The rationalist writer, R. Shlomo Moshe Scheinman, who
passionately fights idolatry within Orthodoxy, quotes the
tragic-coming statements of our would be tzaddik, Rav Kook:
“I
will not hide the fact that Rabbi Avraham Yitzchak Kook who founded
Mercaz HaRav Kook Yeshiva in 5684 (1924), considered both "the
monotheistic view" as well as the "Monotheistic outlook
that leans towards Pantheism, when it is refined from its dross"

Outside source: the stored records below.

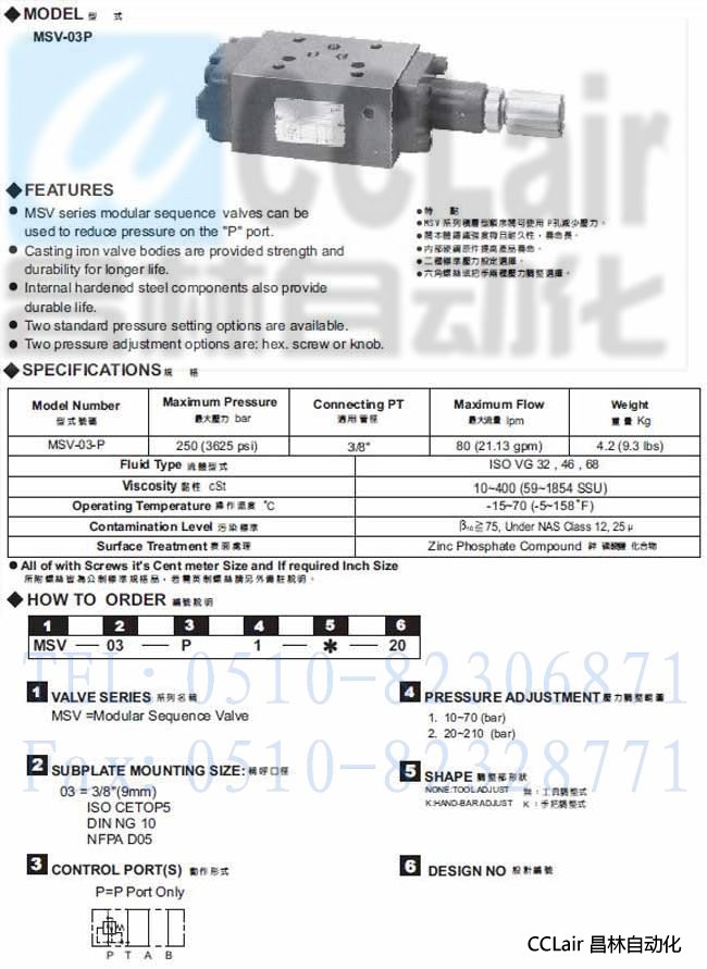 MSV-03-P,積層型順序閥,
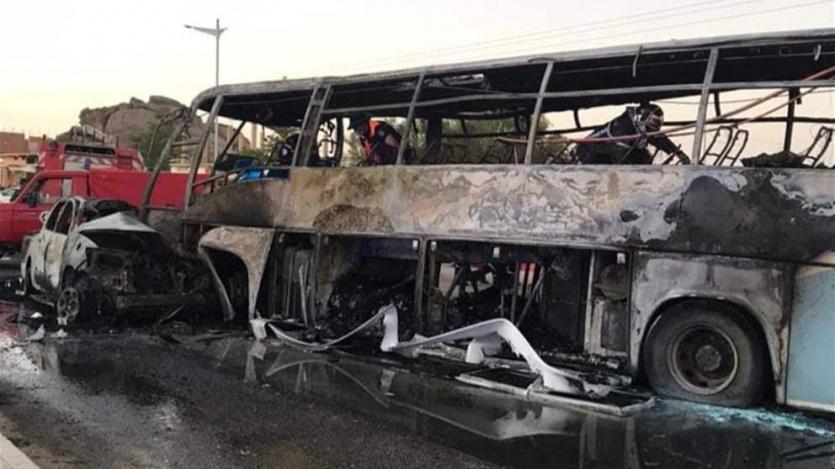 ووقع الحادث بين حافلة لنقل المسافرين وسيارة "بيك أب" معبأة بالوقود.
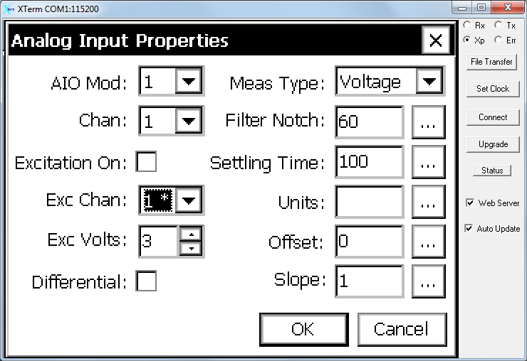 - Exc Chan: The excitation channel that allows the datalogger to read an excitation voltage.
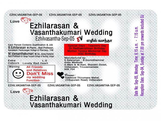 ज्यात या व्यक्तीने आपलं आणि आपल्या होणाऱ्या बायकोचं नाव, लग्नाची तारीख, स्थळ, जेवणाची वेळ आणि इतर कार्यक्रमांचाही उल्लेख केला आहे. कार्डमधील माहितीनुसार ही व्यक्त तामिळनाडूतील आहे आणि ती फार्मेसी क्षेत्राशी संबंधित आहे. जिने टॅबलेट शीटच्या रूपात आपली लग्नपत्रिका बनवली आहे.
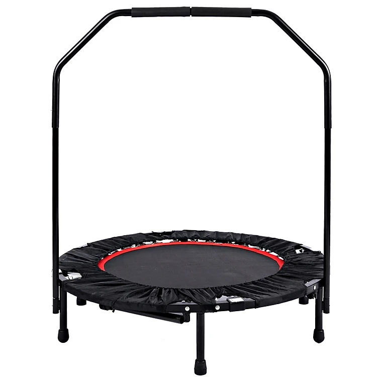 - B&G 40-Inch Bounce Fit Foldable Trampoline With Armrest với tay vịn vào một khung màu đen, kiểu dáng đẹp, được thiết kế độ bền cao và hơn bất kỳ cuộn dây thép lò xo rebounder.
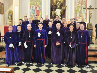 Actuando de padrinos, según figura en una placa conmemorativa que se colocó en un lateral de la propia Anda, D. Francisco Carles Salvador y D. Josefa Terencio Ferrer, quienes reciben al mismo tiempo las dos primeras insignias de oro que entrega la Hermandad.
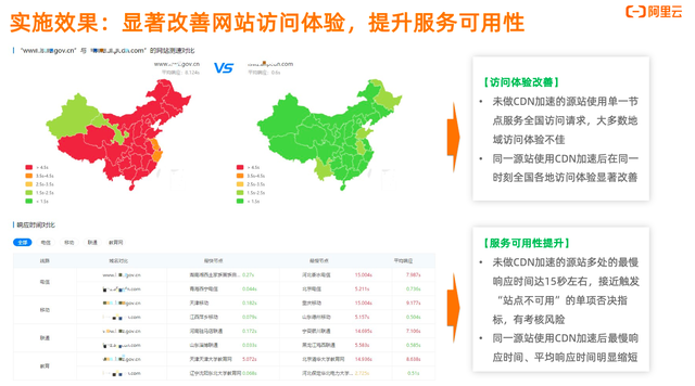 对该官网来说,它的用户访问体验上的提升也十分明显,下图左侧是未做CDN加速的源站使用单一节点服务全国访问请求,大多数地域访问体验不佳,同时很多处的最慢响应时间达15秒左右,接近触发“站点不可用”的单项否决指标;下图右侧同一源站使用CDN加速后在同一时刻全国各地访问体验显著改善,最慢响应时间、平均响应时间明显缩短,服务可用性得到提升。
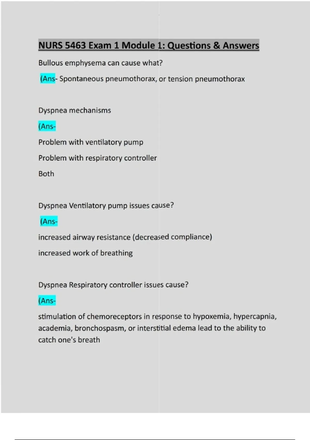 Bullous emphysema can cause what? (Ans- Spontaneous pneumothorax, or tension pneumothorax Dyspnea mechanisms (AnsProblem with ventilatory pump Problem with respiratory controller Both Dyspnea Ventilatory pump issues cause? (Ansincreased airway resistance (decreased compliance) increased work of breathing Dyspnea Respiratory controller issues cause? (Ansstimulation of chemoreceptors in response to hypoxemia, hypercapnia, academia, bronchospasm, or interstitial edema lead to the ability to catch one's breathDyspnea HPI questions to ask (AnsDescription of dyspnea (quality of breathing) Functional impact of dyspnea Timing - when did it start? Precipitating factors - smoke exposure? Associated factors - fever, CP, cough, rash, N/V, etc. Dyspnea risk factors (Ansimmobility recent surgery age smoking - former or current malignancy autoimmune diseases recent upper respiratory infectionPMH to ask about for dyspnea? (Ansmalignancy chronic respiratory disorders (Asthma, COPD, interstitial lung disease) Heart Failure Chronic liver disease (volume overload) CKD Social history to ask about for dyspnea? (Anscurrent/former smoker illicit drug use chronic alcohol abuse Dyspnea assessment (AnsHandle emergent signs first physical exam - visual assessment - accessory muscle use, sitting position, pursed-lip breathing, cyanosis, rate Vitals - tachy, elevated BP, tachypnea, hypoxemiaFocused assessment for dyspnea? (AnsPulmonary-clubbing, edema, cyanosis, rashes, joint deformities Cardiac Both visual and auscultation Respiratory causes of dyspnea (AnsCOPD/asthma ILD/IPF pneumothorax neuromuscular disorders - GB or MG

as Kosher [Orot Hakodesh volume 2 pages 399, 400]. And seemingly
he himself, held more or less in accordance with the view of Rabbi
Chaim of Volozhin {Rabbi Tzuriel brought a proof to this (Kvatzim,
Kovetz 1, Piska 65)}. Now perhaps Rabbi Kook gave validity to the
"second outlook" that I recounted, for many of his legal
rulings clearly have Kabbala and Agada integrated within them, which
is a method that deviates from the classic Ashkenazic responsa [ thus
wrote Rabbi Neriya Gutel in a general appraisal of Rabbi Kook's
rulings]. Now one should note that also Rabbi Kook admits [in his
article in Orot Hakodesh] that the viewpoint that is more famous in
Israel is the monotheistic viewpoint. And elsewhere Rabbi Kook
strongly hints that the "Monotheistic outlook that leans towards
Pantheism", just became accepted by a community of significance
in Israel after the time of the apostate, Spinoza. For behold, Rabbi
Kook wrote regarding Spinoza:
Within an inner layer of his thought there is a fundamental principal that after much refining enters into the camp. RMBM"N (someone said here this is an abbreviation, for Mendolsohn) began the process but did not complete his rectification, However the Baal Shem Tov refined him without knowing who he is refining... however the process was not completed"...
Kook
is being quoted as supporting Spinozan pan-en-theism, after it is
refined. The
refinement is not of any use, just like making an idol of a calf
with refined gold doesn't make it any more kosher.
In
a sense, the springboard into pantheism and idolatry, which is what
Kabbalah teaches, was only a matter of time. The rabbinic departure
from the Torah could not contain itself to stick to specific sins of
Lo Tosiphu for example. Nor could the appetite for new fictions be
satisfied even by the Talmud and midrashim. Eventually, new books,
such as the Zohar, and new revelations would enter the fray. The
number of monotheistic rabbis today is very few, since the majority
have been baptised into the Kabbalah. It is also dangerous to express
monotheism, as the saintly Rabbi Yosef Kapach tragically learned as a
child, when fanatic Rabbis murdered his father and betrayed him into
the hands of Muslims, to be raised as a Muslim!